═══ AVAILABLE DATA
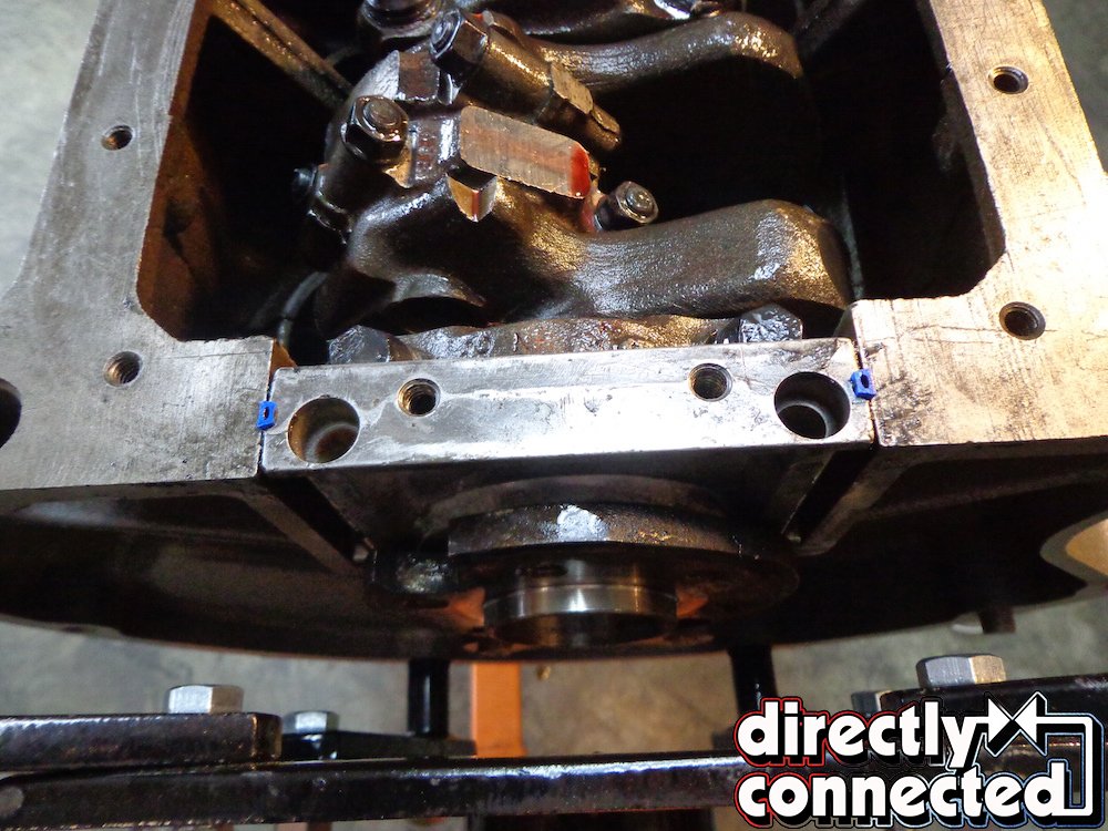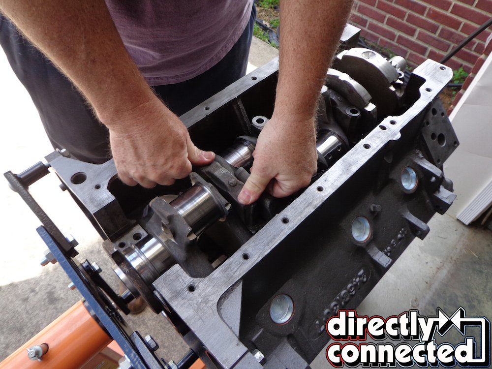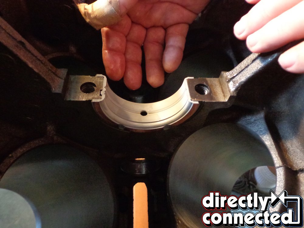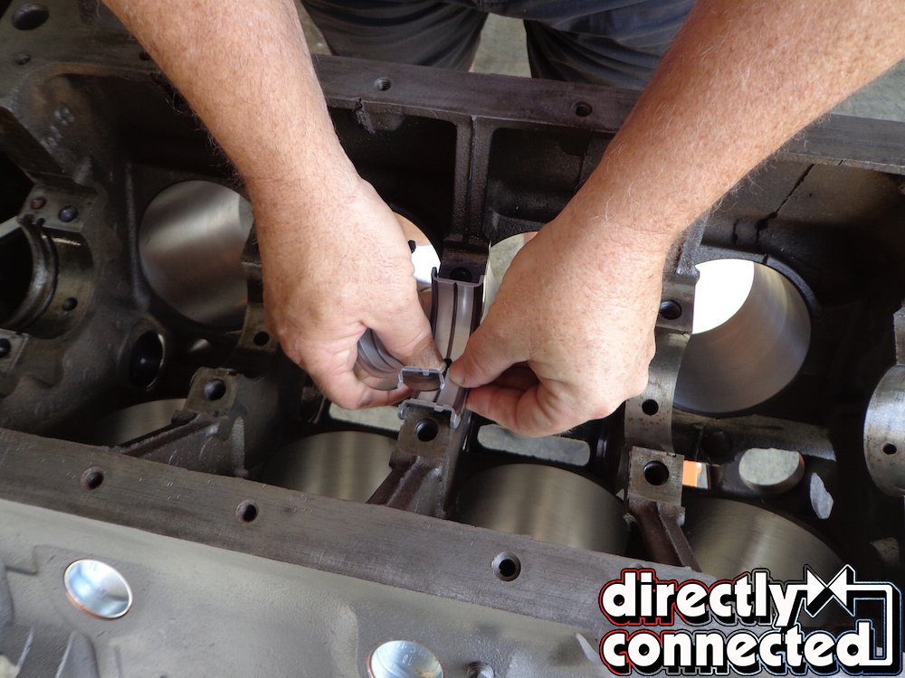 Above left: Drop the crank in and rotate to make sure it spins freely and check to make sure there aren’t any catches or any drag while turning the crank. Above center: Begin to install each main bearing. They are numbered 1 – 5 with number one at the front of the engine so there shouldn’t be any problem getting them in the right order. Above right: They are a tight fit so make sure to line them up evenly so that one side is not in farther than the other.
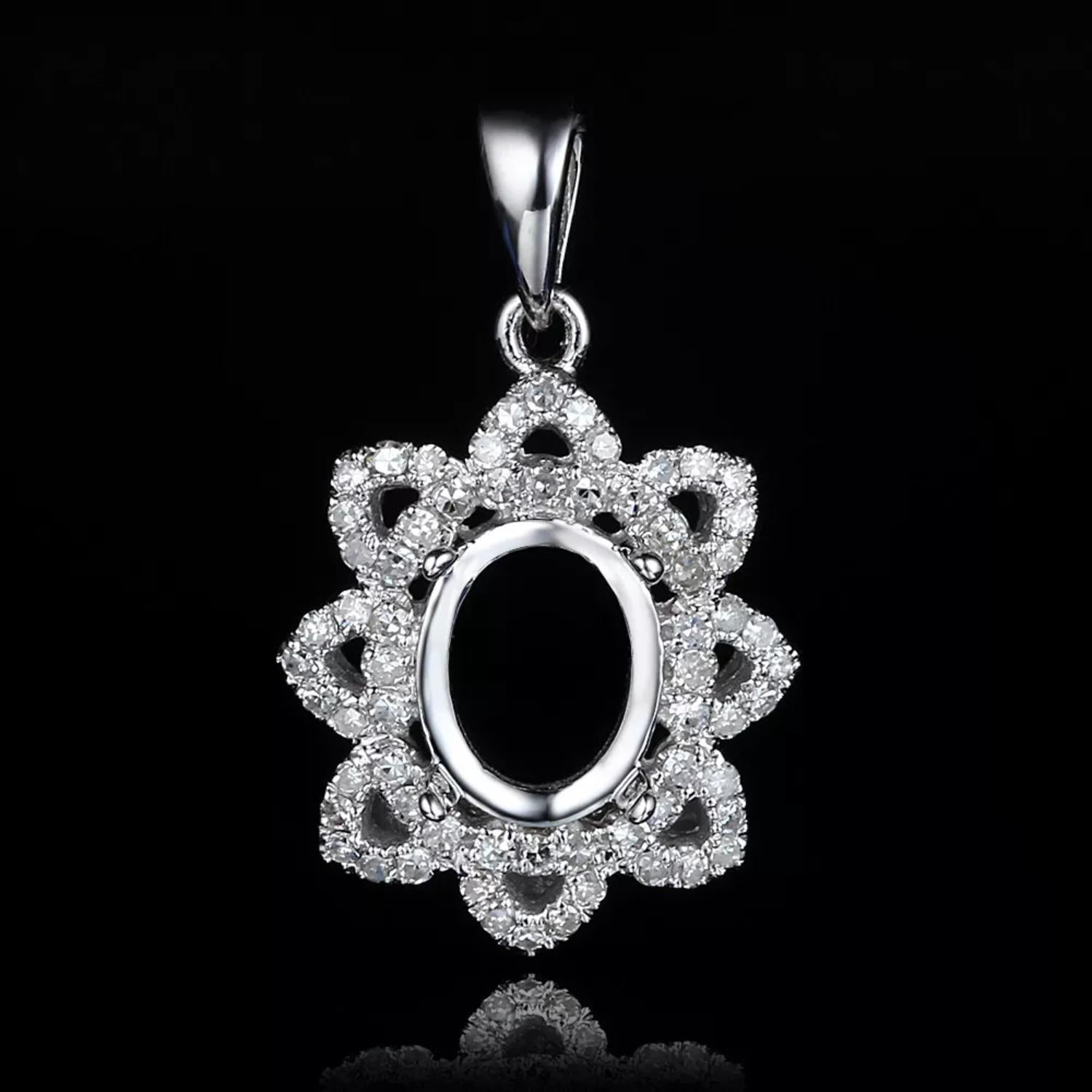 Floral Halo Oval Semi Mount Pendant – 9x7mm Gemstone Setting
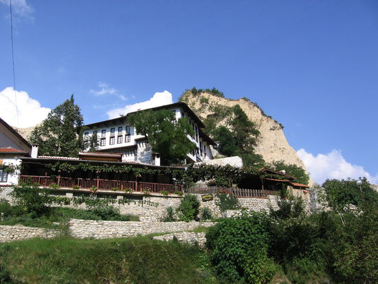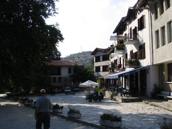 Bei solchem Wetter müßte man eigentlich eine Bergwanderung machen, aber wir befinden uns auf der Flucht in den warmen Süden, heute wollen wir Griechenland erreichen, allein schon der Wärme wegen. Also setzen wir uns in den Bulik und fahren talwärts. Auf der Europastraße 79 kommen wir sehr schnell voran, so dass wir nach einer Einkaufspause in Sadanski noch einen Abstecher nach Melnik machen können. Dort haben die Bewohner ihre Häuser teils in die Sandhügel gebaut und dabei einen ganz besonderen Baustil entwickelt. Der Melniker Wein soll außerdem Weltruf genießen. Der Ort verkauft sich jedenfalls gut, hier müssen Massen von Touristen aus Griechenland bei Tagestouren einströmen, es gibt mehr Kneipen als andere Häuser und man scheint jedem Ansturm gewachsen zu sein. Die Dorfstrasse ist wie ein kleines Rüdesheim, aber im gepflegten bulgarischen Baustil. Dennoch können wir ungestört unser Mittagspicknick auf dem Dorfplatz abhalten. Anschließend schlendern wir noch die Flaniermeile ab, heute sind wir hier fast die einzigen Besucher. Fast, zwei Schweizer Studentinnen treffen wir noch, die auch mit einem Bulik unterwegs sind und noch nach Istanbul weiter wollen. Unser Drang nach Süden ist nicht mehr aufzuhalten, obwohl wir hier schon wieder erträgliche Temperaturen haben.
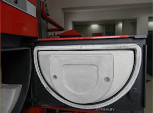 На дверце нижней камеры установлена (в нашем случае) пеллетная горелка. Нижняя камера сгорания также выложена вставками из армированной керамики, дверца защищена жаростойким материалом Sibral.
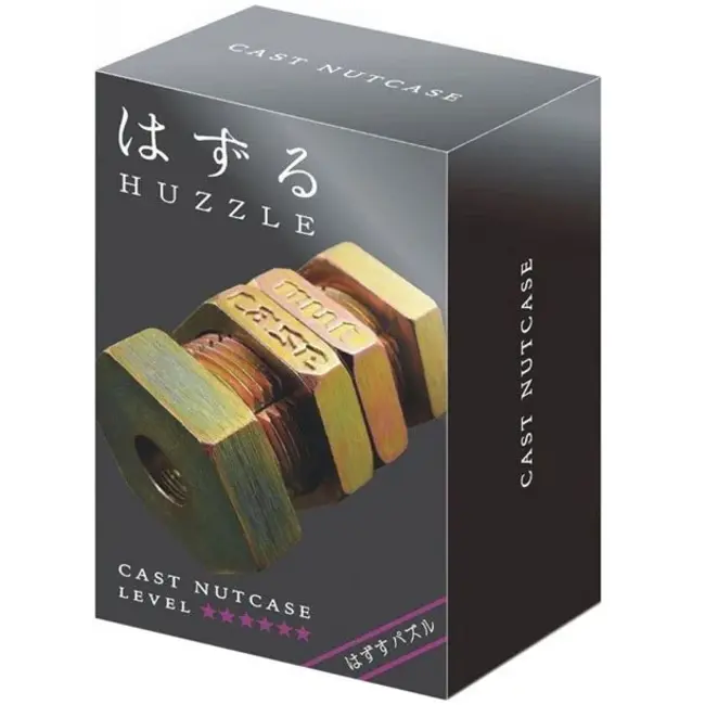 Deze puzzel lijkt op het eerste gezicht op een set bouten en moeren maar schijn bedriegt. Je moet de onderdelen op de juiste manier draaien om ze uit elkaar te krijgen. De messingkleurige afwerking geeft het een stoere uitstraling. Omdat dit niveau zes is heb je veel geduld nodig. De set zit in een zwart doosje van twaalf bij acht centimeter. Het is een flinke klus om alles daarna weer in elkaar te zetten.
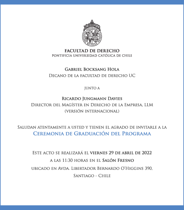 - Ceremonia de Graduación del Programa de Magíster en Derecho de la Empresa, LLM UC (versión internacional)
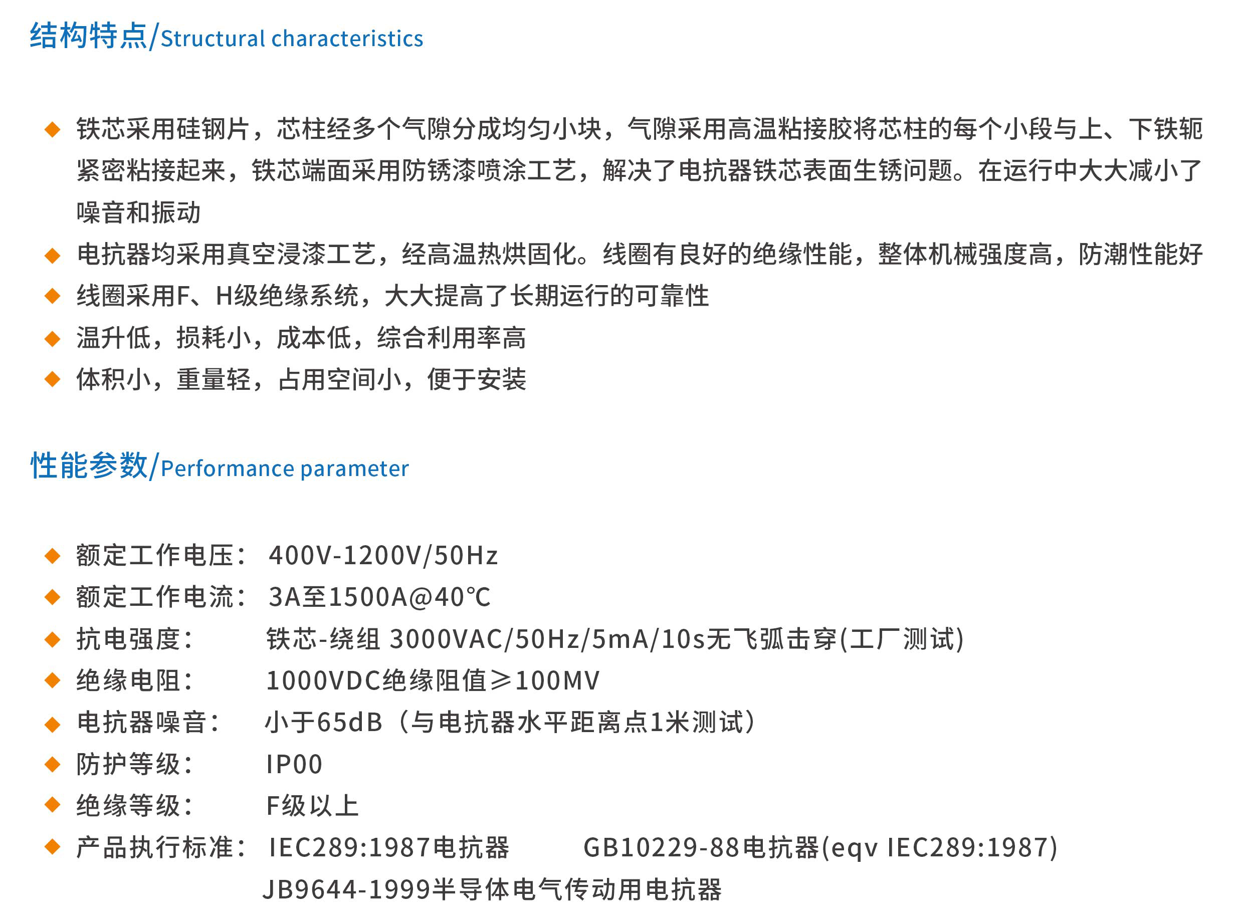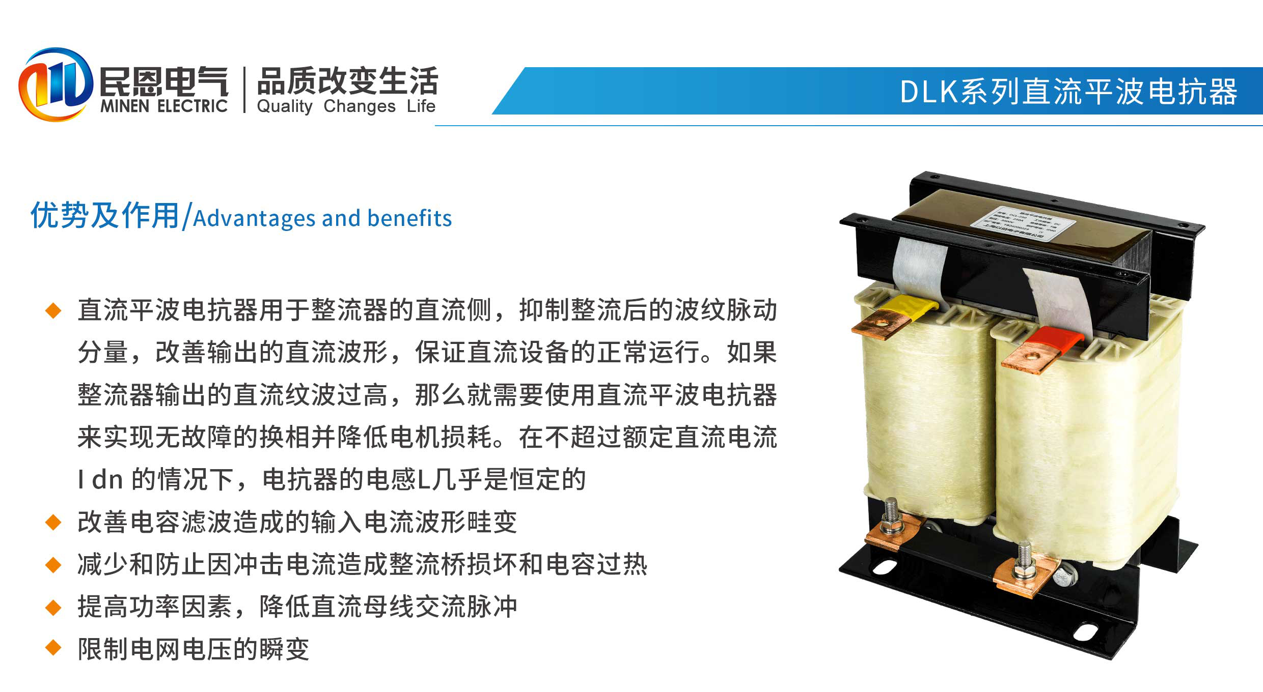 直流平波电抗器用于整流器的直流侧,抑制整流后的波纹脉动分量,改善输出的直流波形,保证直流设备的正常运行。如果整流器输出的直流纹波过高,那么就必须使用直流平波电抗器来实现无故障的换相并降低电机损耗,铁芯采用优质硅钢片,芯柱经多个气隙分成均匀小块,气隙采用高温高强度粘接胶将芯柱的每个小段与上、下铁紧密粘接起来,铁芯端面采用高品质防锈漆喷涂工艺,解决了电抗器铁 芯表面生锈问题,在运行中大大减小了噪音和振动,电抗器均采用真空浸漆工艺,经高温热烘固化。线圈有良好的绝缘性能,整体机械强度高,防潮性能好线圈采用F、H级绝缘系统,大大提高了长期运行的可靠性,温升低,损耗小,成本低,综合利用率高,体积小,重量轻,占用空间小,便于安装
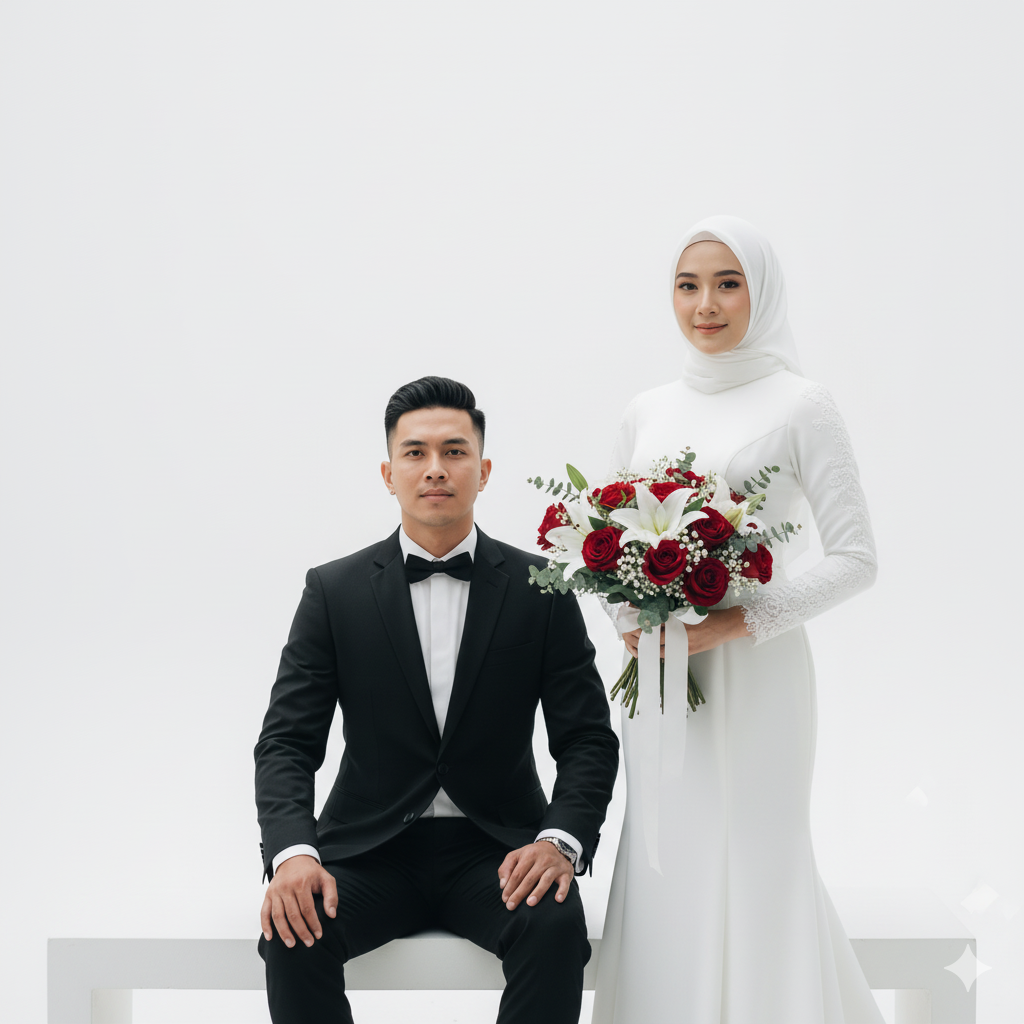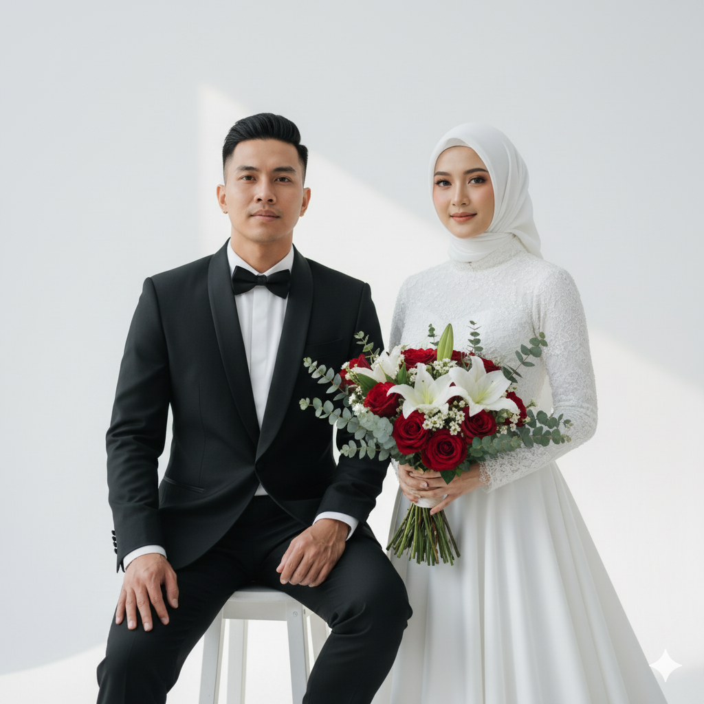 The other stands beside them in a white long-sleeved modest wedding gown and a white hijab, holding a large, vibrant bridal bouquet of red roses, white lilies, and other flowers.
══════
> **TASK TO CARRY OUT**
Look above and copy only the lines from the one holding "Deze puzzel lijkt" to the one holding "- Ceremonia de", both included, exactly, minus the pictures.

> **YOUR RESPONSE**
 Deze puzzel lijkt op het eerste gezicht op een set bouten en moeren maar schijn bedriegt. Je moet de onderdelen op de juiste manier draaien om ze uit elkaar te krijgen. De messingkleurige afwerking geeft het een stoere uitstraling. Omdat dit niveau zes is heb je veel geduld nodig. De set zit in een zwart doosje van twaalf bij acht centimeter. Het is een flinke klus om alles daarna weer in elkaar te zetten.
 - Ceremonia de Graduación del Programa de Magíster en Derecho de la Empresa, LLM UC (versión internacional)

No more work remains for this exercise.